For more details on the basic concepts of probabilistic language models and techniques for smoothing, see either Manning and Schütze (1999, Chapter 6) or Jurafsky and Martin (2008, Chapter 4).
The important initial papers that originated the language modeling approach to IR are: (Berger and Lafferty, 1999, Ponte and Croft, 1998, Miller et al., 1999, Hiemstra, 1998). Other relevant papers can be found in the next several years of SIGIR proceedings. (Croft and Lafferty, 2003) contains a collection of papers from a workshop on language modeling approaches and Hiemstra and Kraaij (2005) review one prominent thread of work on using language modeling approaches for TREC tasks. Zhai and Lafferty (2001b) clarify the role of smoothing in LMs for IR and present detailed empirical comparisons of different smoothing methods. Zaragoza et al. (2003) advocate using full Bayesian predictive distributions rather than MAP point estimates, but while they outperform Bayesian smoothing, they fail to outperform a linear interpolation. Zhai and Lafferty (2002) argue that a two-stage smoothing model with first Bayesian smoothing followed by linear interpolation gives a good model of the task, and performs better and more stably than a single form of smoothing. A nice feature of the LM approach is that it provides a convenient and principled way to put various kinds of prior information into the model; Kraaij et al. (2002) demonstrate this by showing the value of link information as a prior in improving web entry page retrieval performance. As briefly discussed in Chapter 16 (page 16.1 ), Liu and Croft (2004) show some gains by smoothing a document LM with estimates from a cluster of similar documents; Tao et al. (2006) report larger gains by doing document-similarity based smoothing.

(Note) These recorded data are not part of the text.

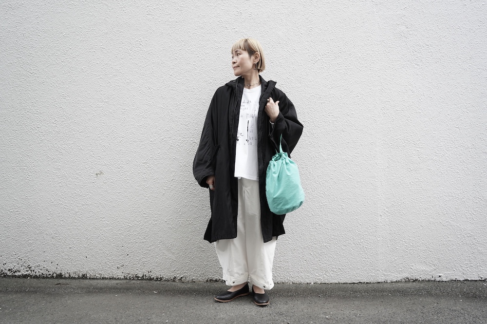 これ、スニーカーでキャップとか被っても可愛いですよ。カバンはナップサックとか。
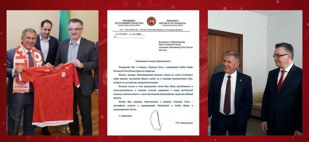 According to the supporters and quoting the website of the Tractor Club, the President of the Republic of Tatarstan Rostam Minikhanov, who has a close friendship and relationship with Mohammad Reza Zanozi Motlagh, the owner of the Tractor Club, congratulated him on the team’s championship in the Iran Football Cup.
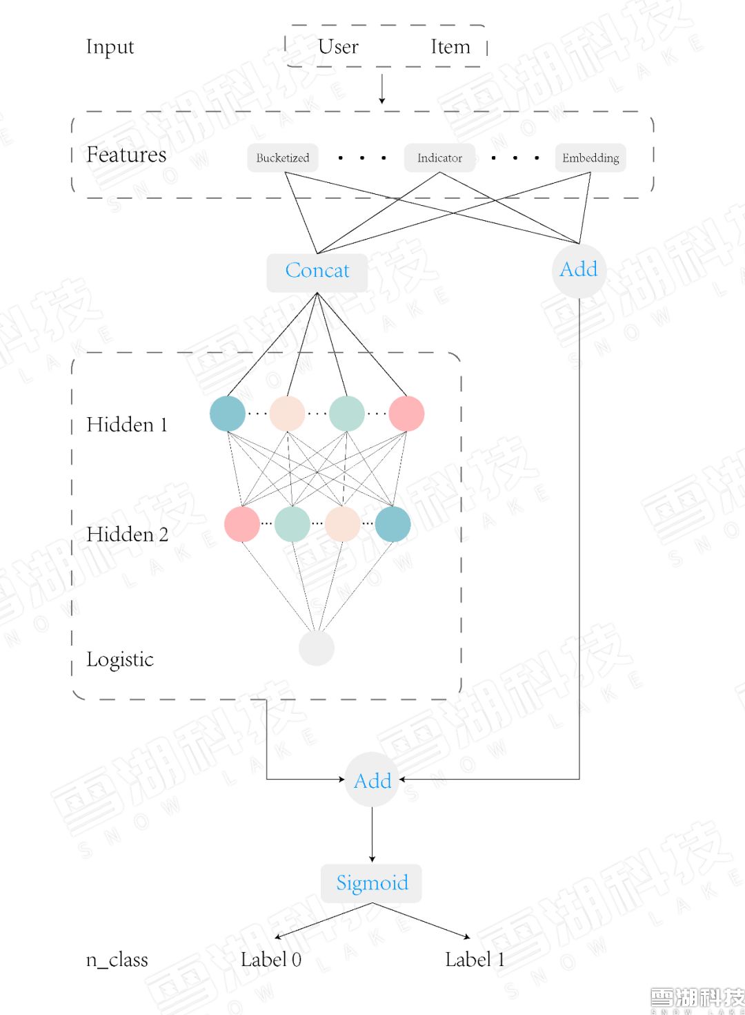 Wide&Deep 虽然效果很好,但是随着算法的不断迭代基于 Wide&Deep 模型思想,有很多新的模型被开发出来,基本思想是用 FM、FFM 代替 LR 部分,通过串联或者并联的方式与 DNN 部分组合成新的模型,例如 FNN,PNN,DeepFM,DeepFFM,AFM,DeepCross 等等,雪湖科技公司也致力于将所有 CTR 预估模型都完美兼容,在保证精度的前提下,增大吞吐量。
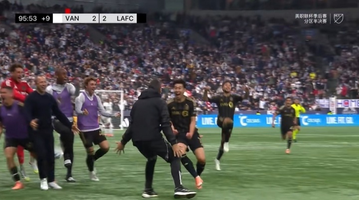 比赛下半场伤停补时第5分钟,孙兴慜淘气球平直破门,洛杉矶2-2绝平温哥华。
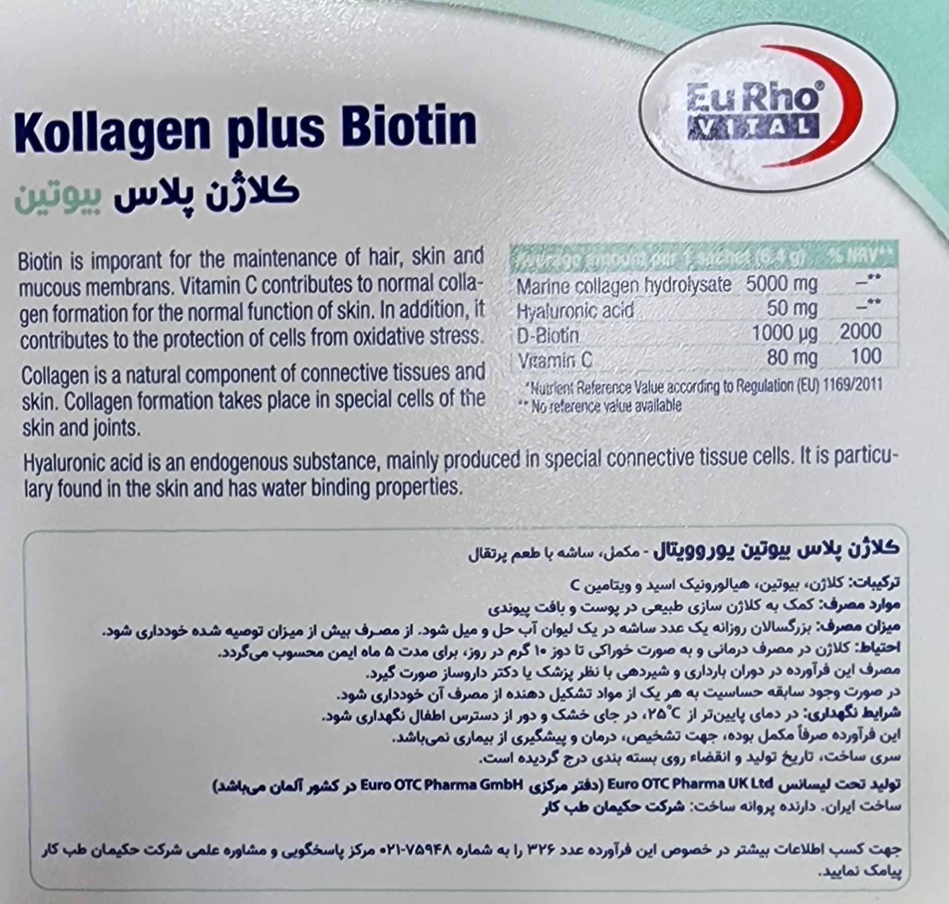 هر جعبه از کلاژن پلاس بیوتین یوروویتال دارای 14 ساشه 6.4 گرمی میباشد.

Hiemstra and Kraaij (2005) present TREC results showing a LM approach beating use of BM25 weights. Recent work has achieved some gains by going beyond the unigram model, providing the higher order models are smoothed with lower order models (Cao et al., 2005, Gao et al., 2004), though the gains to date remain modest. Spärck Jones (2004) presents a critical viewpoint on the rationale for the language modeling approach, but Lafferty and Zhai (2003) argue that a unified account can be given of the probabilistic semantics underlying both the language modeling approach presented in this chapter and the classical probabilistic information retrieval approach of Chapter 11 . The Lemur Toolkit (http://www.lemurproject.org/) provides a flexible open source framework for investigating language modeling approaches to IR.